Can Zanu PF change?


The Zanu PF conference start in earnest in Mutare today with President Robert Mugabe expected to officially open the event.

The party had announced the conference would start on Wednesday but not much took place on the day and on Thursday when leaders started to arrive for the event.

As of Thursday construction was still taking place at Mary Mount Teachers College, the venue of the event.

In one section of the venue, workers were on Wednesday still putting up a security fence while others were laying paving blocks.

Party officials were Thursday still running around frantically trying to ready the venue for the big event before the arrival of President Mugabe and his entourage.

The failure by the party to prepare the venue is a big indictment on its ability to carry out basic tasks especially after announcing two weeks ago that all was in place to hold the conference.

This is a common trait of the party. It has oftentimes announced grand plans but has always fallen short on delivery.

For all its failures, it always has someone to blame. The work in progress at the venue can be dismissed as a mere logistical glitch but in actual fact it is not.

It has become a common phenomenon which has permeated into the strata of central government when targets are set but deadlines are often missed even when resources are available.

This is the case with this conference.

The provincial leadership of the party told the nation at the beginning of the month it had raised enough resources to host the event but still missed the target in construction work.

To cap all it all, party delegates in Mutare were engaged in what has become an annual ritual at the conference: the accreditation scrum.

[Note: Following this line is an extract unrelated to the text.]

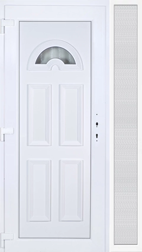 EXTRA hőszigetelésű műanyag bejárati ajtó 5 kamrás profilból, 70 mm beépítési mélységgel, tokban körbefutó idomacél merevítéssel. Vasalat: kilincsműködtetésű, 5 pontos ajtózárral, 3 db 3D erősített ajtópánttal, 20mm magas hőhídmentes alumínium küszöbbel, + 20mm purenittel a küszöb alatt. Dupla szürke ütközőtömítéssel rendelkezik. Üvegezése "savmart" katedrál 3 RÉTEGŰ Szuperlágybevonatos thermo üveg, 42 mm vastagságban, UG értéke: 0,7 W/m2K . A bejárati ajtó mindkét oldalán fehér színű. Nyitásmódja befelé nyíló, nyitásiránya balos ( bentről nézve a zsanér a bal oldalon helyezkedik el ). Tényleges tokkülmérete: 128 cm széles 209 cm magas. 98 cm széles 209 cm magas bejárati ajtóból, 30 cm széles 209 cm magas fix "savmart" üvegezésű ( nem nyitható) oldalvilágítóból áll. ( két külön elem ami beépítéskor összeszerelendő). A nyílászáró ára nem tartalmazza a KILINCSET és a ZÁRBETÉTET a beszereléshez szükséges segédanyagokat (falkampó, csavar, pur-hab..stb.), külső-belső takaróléceket.

Nothing typifies the paucity of organisational aptitude than the party’s failure to organise a smooth accreditation process.

We have seen the chaotic scenes being replayed during accreditation of polling officers before major national elections.

The chaos has actually become an administrative system often witnessed at government buildings housing key service departments.

Another evidence of poor organisation usually manifests itself in the official programme not being followed. Observers should look out for this in Mutare to see if Zanu PF will improve on this front.

Despite all this, the conference is “on course” and is billed to chart a new direction for this country. The party will only achieve if it does not repeat the age-old lines from its script (which appears is cast in stone) of sanctions, Western imperialism, empowerment, the success of the land reform programme and Mugabe chete, chete. This year, the speakers will add WikiLeaks to the mantras.

We have heard this before and it has not taken the country forward. Early this month Vice-President Joice Mujuru at a meet-the-business conference said “things change and Zanu PF can change”.

This is the challenge before the party at the moment. It has not changed the way it organises itself. Does it expect the voters to believe that it can change?